In the run-up to the 2007 elections, Danladi Baido won the PDP gubernatorial primaries but was later disqualified.
Two months before the election, the PDP national secretariat replaced Baido with Danbaba Suntai, who had not stood in the primaries. Baido lent his support to Suntai, and in April 2007, Suntai won election as Governor of Taraba State. After the elections, relations between Suntai and Baido soured. The unsuccessful Action Congress candidate challenged the switch of PDP candidates and in February 2008, Baido joined this suit.
In February 2009, Danladi Baido petitioned the Inspector General of Police, Mike Okiro over alleged SMS messages from Danbaba Suntai threatening to harm him and his family if he continued to appeal the election.
In June 2009, Baido claimed that an attempt had been made to assassinate him, linking the incident to the alleged threats.
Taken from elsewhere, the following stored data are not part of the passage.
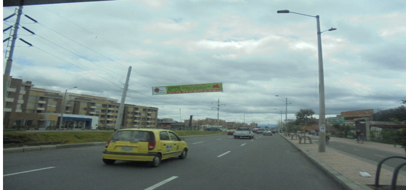
Fotografía No. 3. Elementos instalados en Espacio Público. Operativo en la Localidad de Usaquén, día 11 de Julio de 2015. Pasacalle ubicado en la Carrera 9 Calle 160.

ALCALDÍA MAYOR DE BOGOTÁ D.C. SECRETARÍA DE AMBIENTE
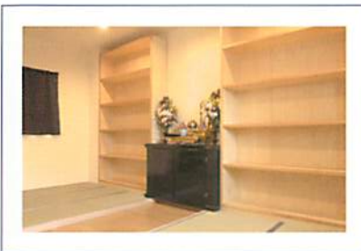
▲(上)納骨堂・(下)遺体安置室
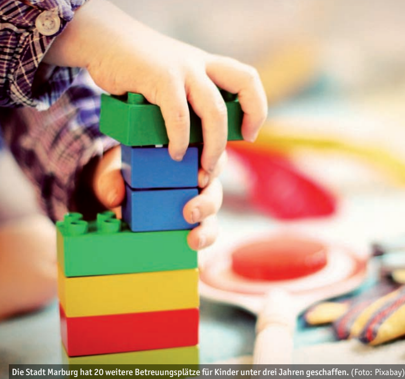
Die Stadt Marburg hat 20 weitere Betreuungsplätze für Kinder unter drei Jahren geschaffen.
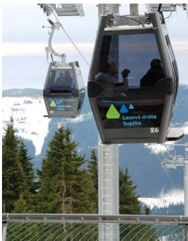
▲ První lidé v lanovce na Sněžku 2013
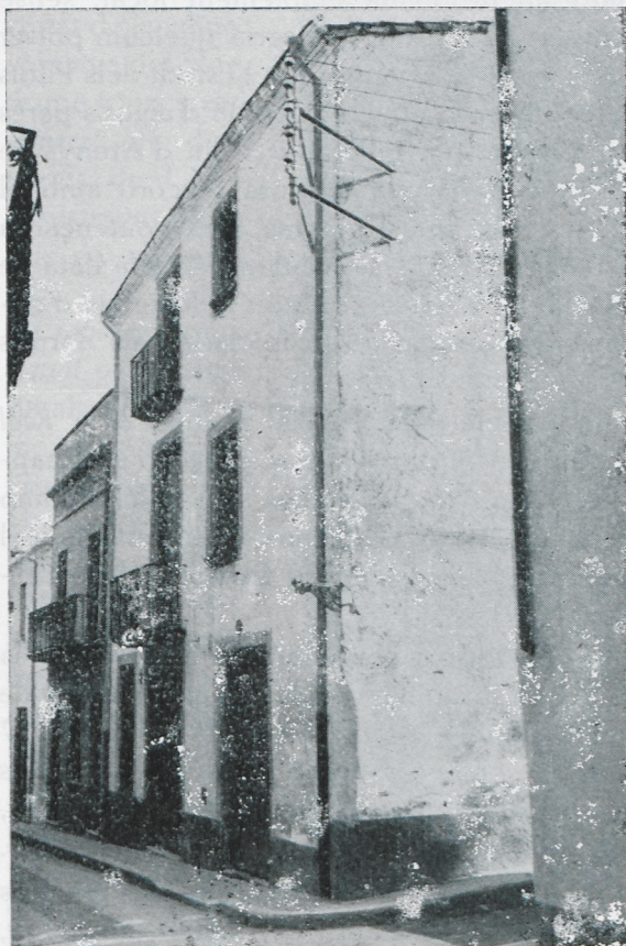
Casa núm. 37 del carrer de l'Església on començà l'estudi dels Pilots l'any 1779.

els beneficis de la justa bona voluntat del quart Borbó. Les indústries arenyenques gaudiren d'un més gran desenvolupament i se'n feren de noves, car s'exportaren al Nou Món les randes, mitges de seda i cotó, vels, indians, galons i cotonines. Al cloure's el segle XVIII, la vila augmentà els seus habitants en un 35 per cent i en poc temps es
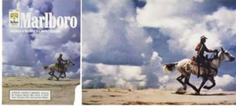
Görsel 1. Sam Abell tarafından çekilen ve Marlboro markasının reklamlarında kullanılan fotoğraf ve Richard Prince tarafından yeniden yorumlanan fotoğrafı.

Norm Clasen'ın Marlboro için 1985 ve 1987 yıllarında çekmiş olduğu "Kovboy" serisinde yer alan fotoğraflar, Prince tarafından "İsimsiz (Kovboy)" olarak adlandırıldığı bir seride kullanılmıştır (Görsel 2). Prince, Clasen'in fotoğraflarını reklam fotoğrafı niteliğinden çıkarmış, bir galeri duvarlarına asarak sanatsal bir fotoğraf haline getirmiş ve satışlarından da 1 milyon dolar gelir elde etmiştir. Clasen fotoğraflarının kullanılması ile ilgili görüşlerini şöyle aktarmaktadır: "Birinin çalışmanızı kopyaladığını görürseniz, içinizde "Bu benim" diyen bir ses vardır. Birisi o işi aldı ve yeniden fotoğrafını çekti. Orada çingiraklı yılanlarla, karıncalarla, sivrisineklerle yatanlar değil." 7 Bu sözleriyle Clasen fotoğrafçıların çekim aşamasında ortamın koşulları nedeniyle maruz kaldıkları karşısında Prince'in bu zor koşulları, sıkıntıları yaşamadan sahiplenmesine dikkat çekmektedir. 2018'de Prince LACMA'da, "İsimsiz (Kovboy)" Clasen ise M+B Photo Galerisi'de "Başlıklı (Kovboy)" adlı sergisi ile fotoğraflarını eş zamanlı olarak sergilemiştir. Clasen bu sergideki satıştan elde edeceği gelirin bir kısmını da APA Amerikan Fotoğraf Sanatçıları platformuna, telif hakkı savunma fonuna bağışlama kararı almıştır.

During his tenure as governor, Danbaba Suntai made efforts to fight corruption, crime and lack of discipline, while delegating authority and providing funds to the Local Government Areas.
In January 2009, a group of Concerned Indigenes of Taraba State sent a petition to the Economic and Financial Crimes Commission (EFCC) and the Independent Corrupt Practices and Other Related Offences Commission (ICPC), with a copy to President Umaru Yar'Adua, concerning alleged fraudulent financial practices in Suntai's administration. Claims included unnecessary imports of foreign cars, use of foreign rather than local workers, and inflated road building contracts.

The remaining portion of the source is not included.